Pour le dictionnaire, une croyance est une « pleine conviction ». Il est difficile pour un homme libre d’imaginer l’absolue certitude que cela suppose mais il peut intellectuellement accepter celle-ci… pour peu que les faits ne la rendent pas ridicule. On peut par exemple admettre une « pleine conviction » en matière religieuse car rien ne contredit l’existence de Dieu (bien que rien ne la prouve non plus). La croyance béate en un projet politique, plus étonnante encore tant les idéologies absolues sont éphémères, relève d’autant plus de l’absurde que ce projet a été durement sanctionné par un réel implacable. Ainsi par exemple, croire en la possibilité d’un paradis communiste sur terre est aujourd’hui de l’ordre de l’aveuglement pathologique tant est grand le déni de réalité que cela suppose.

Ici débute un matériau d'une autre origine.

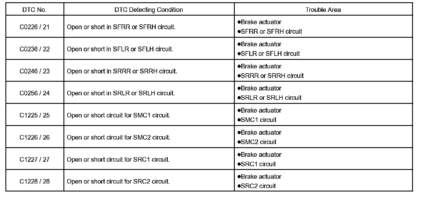 DTC C0236 Open or Short Circuit in Brake ActuatorCIRCUIT DESCRIPTION
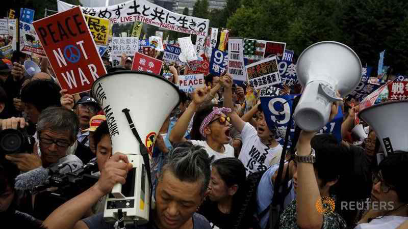 বিদেশে সেনা মোতায়েনের অনুমতি দিয়ে পাস হওয়া নতুন আইনের প্রতিবাদে জাপানে বিক্ষোভ করেছে কয়েক হাজার লোক। রোববার দেশটির জাতীয় সংসদের বাইরে এ বিক্ষোভ অনুষ্ঠিত হয়।
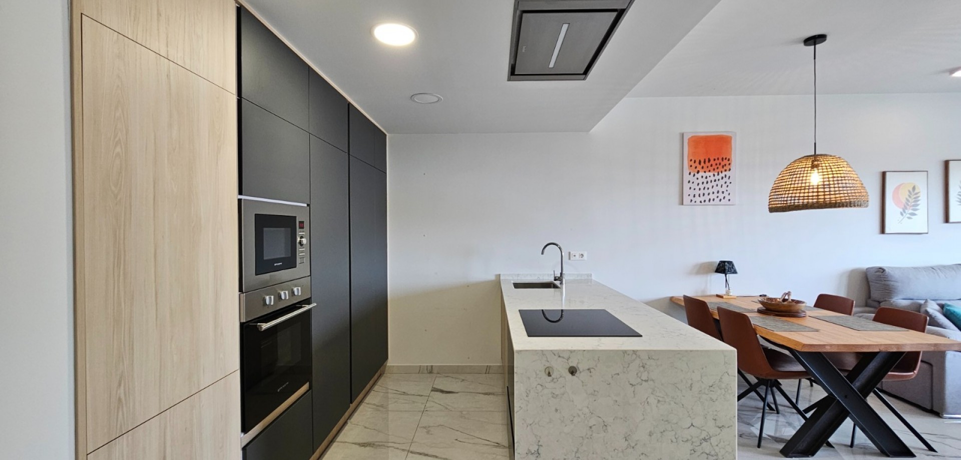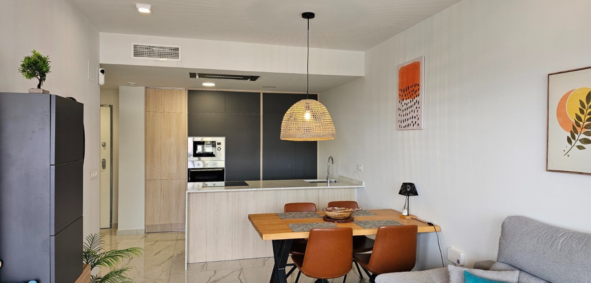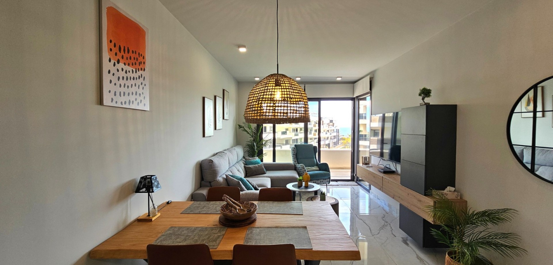 Gelegen in de exclusieve residentie Amanecer Sunrise De Luxe in het geliefde Playa Flamenca, biedt dit prachtige appartement de perfecte combinatie van modern comfort, luxe en een uitstekende ligging aan de Middellandse Zee. Het appartement beschikt over twee ruime slaapkamers en twee stijlvolle badkamers, waarvan één en suite, en werd ontworpen met oog voor licht, ruimte en functionaliteit. De open leefruimte met volledig uitgeruste keuken sluit naadloos aan op het terras, waar u in alle rust kan genieten van het aangename mediterrane klimaat en het buitenleven. De residentie staat bekend om haar hoogwaardige afwerking en uitgebreide voorzieningen, waaronder prachtig aangelegde groene zones, een gemeenschappelijk zwembad, fitnessruimte met sauna en ontspanningsruimtes, wat zorgt voor een exclusieve en comfortabele woonervaring. Bovendien beschikt het appartement over een eigen autostaanplaats en berging, waardoor praktisch comfort gegarandeerd is. Dankzij de uitstekende ligging bevindt u zich op wandelafstand van de zee en het strand, evenals van talrijke winkels, restaurants en gezellige bars, wat deze woning ideaal maakt zowel als permanente woonst, tweede verblijf of investering. Dit appartement is de perfecte keuze voor wie op zoek is naar een stijlvolle en zorgeloze woonervaring onder de Spaanse zon, in een van de meest gegeerde regio’s van de Costa Blanca. Contacteer ons alvast voor meer informatie of een bezichtiging.
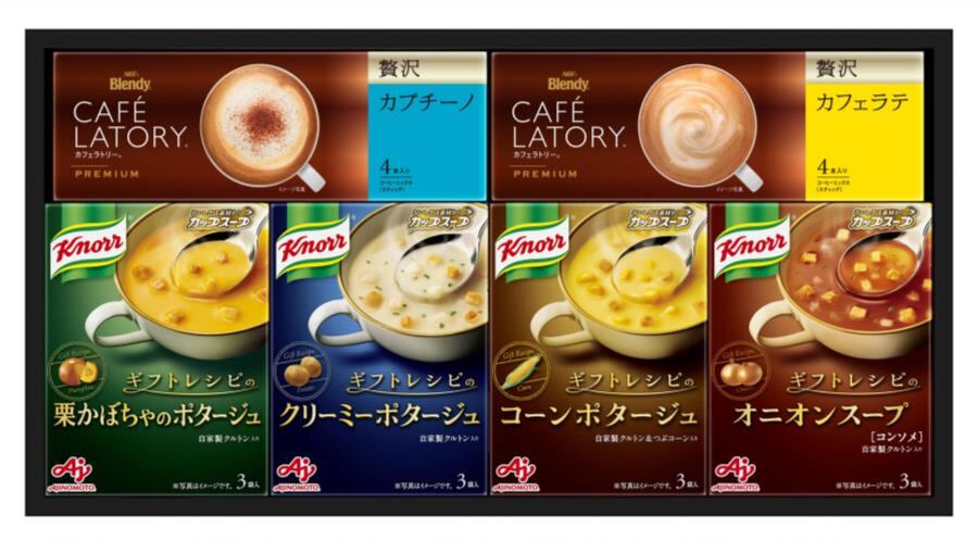 商品内容:ギフトレシピのコーンポタージュ(3袋入)×1、ギフトレシピのクリーミーポタージュ(3袋入)×1、ギフトレシピのオニオンスープ(3袋入)×1、ギフトレシピの栗かぼちゃのポタージュ(3袋入)×1、「ブレンディカフェラトリー」スティック プレミアム(贅沢カフェラテ4P×1、贅沢カプチーノ 4P×1)

La République est l’objet d’une croyance qui entre parfaitement dans cette dernière catégorie. De nombreux dévots se prosternent devant ses « valeurs » et se signent devant le supposé pouvoir bénéfique qu’elle aurait sur la société des hommes. Pourtant, le réel a depuis longtemps montré l’absurdité de cette « pleine conviction ». L’entêtement à croire que le miracle républicain se réalisera avec « plus de République », à la fin des temps sans doute, révèle une foi inébranlable qui confine à la superstition. Autant toucher du bois.
Quel est le credo de cette foi républicaine ? Il peut se décliner comme ceci :
«Je crois en la double nature de l’homme. En sa nature essentielle, commune à tous les hommes (l’Homme), et en sa nature accidentelle, propre à chaque homme (l’identité ancestrale, religieuse, culturelle…).
Je crois en la dissociation des deux natures : la nature essentielle des hommes doit s’exprimer en société, par le biais de la citoyenneté, et la nature accidentelle des hommes doit être confinée aux domaines privés.
Je crois qu’une société harmonieuse peut fonctionner avec des hommes venus de toute la terre pourvu que ces hommes aient été préalablement « dissociés » (grâce aux « mécanismes de l’intégration »). Je crois que tous les hommes peuvent être dissociés.
Je crois qu’une société neutre avec des hommes neutres et la meilleure qui soit et je crois que la République a pour mission de la fonder. Amen».
Cette profession de foi républicaine (qui synthétise les vraies « valeurs » de la République), relève évidemment de l’absurde dans la mesure où la réalité a déjà montré cent fois que l’homme était une unité indissociable, que son identité était essentielle car structurante, que par conséquent tout processus de « dissociation » de la nature humaine générait une résistance, donc « l’échec des politiques d’intégration », voire un processus de guerre civile (terrorisme…).
Comme tous les dévots, les républicains sont incapables de tenir compte du verdict des faits. Ils mettent en place des mécanismes inquisitoriaux destinés à les briser. Enfant, j’avais demandé à mon père à quoi se reconnaissait une dictature. Il m’avait répondu : « aux militaires armés qui patrouillent dans les rues ». La République a engendré un modèle de société si instable, si éloigné des réalités humaines, que, pour la faire tenir, elle doit faire patrouiller des militaires armés dans nos rues. C’est ainsi qu’une croyance absurde se transforme en dictature stupide.